“Where is the village?”

“About a quarter of a mile up a valley which runs up to those mountains from the sea. Miss Larrieau, by the way, is again in Riva. She arrived a week ago and has taken up her residence in her old home. I will point it out to you, Mr. Pritchard.”

“Thank you, sir.”

“You are, perhaps, wondering why none of my people are present,” Mr. Muggridge continued. “You have unfortunately arrived in mid-afternoon, when my people are sleeping or, what is more probable, over in the river bathing.”

The Kanaka sailors having disposed Dan’s baggage above high-water mark, the whaleboat pulled back to the ship and was hoisted aboard even while the Pelorus slowly came about and headed for the open sea again. Mr. Muggridge, evidently greatly pleased at the prospect of white company—and a gentleman at that—courteously led the way to the white bungalow and extended to Dan and his servant the hospitality of his home.

“Thank you, Mr. Muggridge,” said Dan gratefully. “I shall be most happy to accept your invitation—for the present at least. May I ask you to point out to me Miss Larrieau’s habitation?”

Mr. Muggridge’s eyebrows went up perceptibly. What a hurry this well bred, respectable-looking stranger was in to see that half-caste Jezebel! “Follow the road up past the church yonder until you come to the river, which you will cross on two coco-palm logs. They are very slippery. Be careful. Having crossed the bridge, turn to the left and follow the path up the hill to a house that is as distinctly a white man’s dwelling as my own. You should find the lady you seek asleep on the veranda.”

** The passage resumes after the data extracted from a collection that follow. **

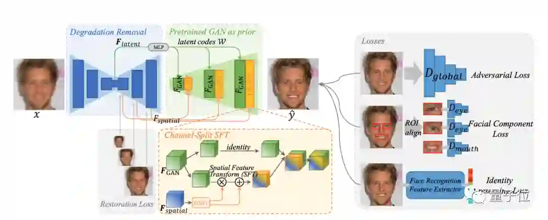 在保真度方面,研究人员引入了一个面部损失( Facial Component Loss),判断哪些细节需要提升保留,然后再用识别保留损失(Identity Preserving Loss)进行修复。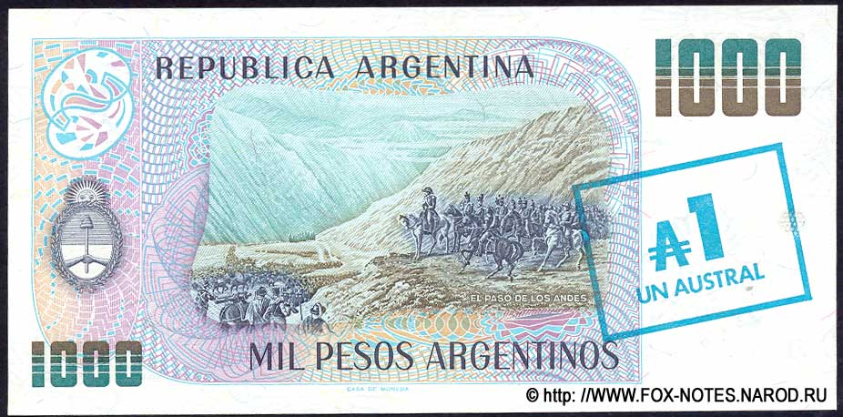 REFERENCE: Banknotes BANCO CENTRAL de la República Argentina. Issues 1985-1991. Austral Argentine banknote options by signature, numbering box type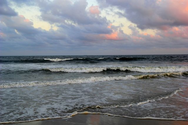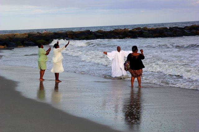 As we walked, we saw a number of interesting things. We believe we were witness to what we think was a baptism ritual: aided by two others, a young man dressed in white fell back into the water, just as a wave rumbled forward, drenching him. We stared at a woman feeding the seagulls, throwing tidbits into the air that the birds then swooped down and plucked with their beaks, while still in mid-air. We marveled at the sight of some dogs running into the water, damning all the mythical fears of water the canines were supposed to have.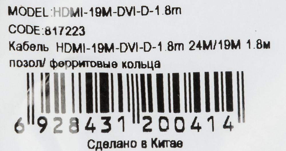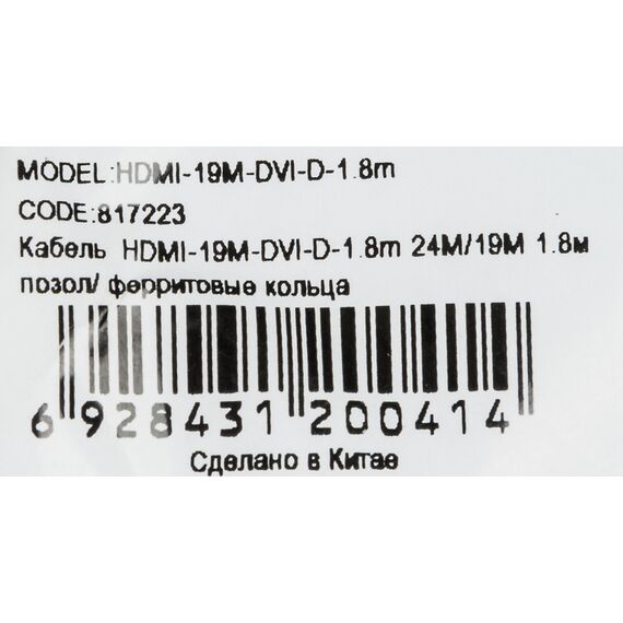 Описание BURO HDMI (m) DVI-D (m) 1.8м [HDMI-19M-DVI-D-1.8M]

“Thank you, Mr. Muggridge. If you don’t mind, I think I shall run up to Miss Larrieau’s house.”

“Dinner will be served at five-thirty,” the missionary warned him. “I shall have my servant help your man bring the baggage up to your room.”

Tamea’s home stood in a grove of coco-palms, interspersed with some flowering shrubs and a few lesser trees with luxuriant green foliage. The house had been built on a solid foundation of cement and creosoted redwood underpinning, to protect it from the native wood-devouring insects. Dan suspected that the green paint which had at some distant date been applied to the house was anti-fouling—the sort of paint used on ships’ bottoms to protect them from teredos. From under the house the snouts of half a dozen young pigs, taking their siesta, protruded, and in the yard a stately gamecock and some hens were prospecting for worms. The place smelled a little of neglect, of semi-decayed vegetation, of insanitation—the smell peculiar to the homes of native dwellers in the tropics. A well worn flight of five steps led up from the front of the house to the veranda, from which one might glean a view of miles of coastline. About the place there was a silence so profound that Dan feared he might have come too late, after all.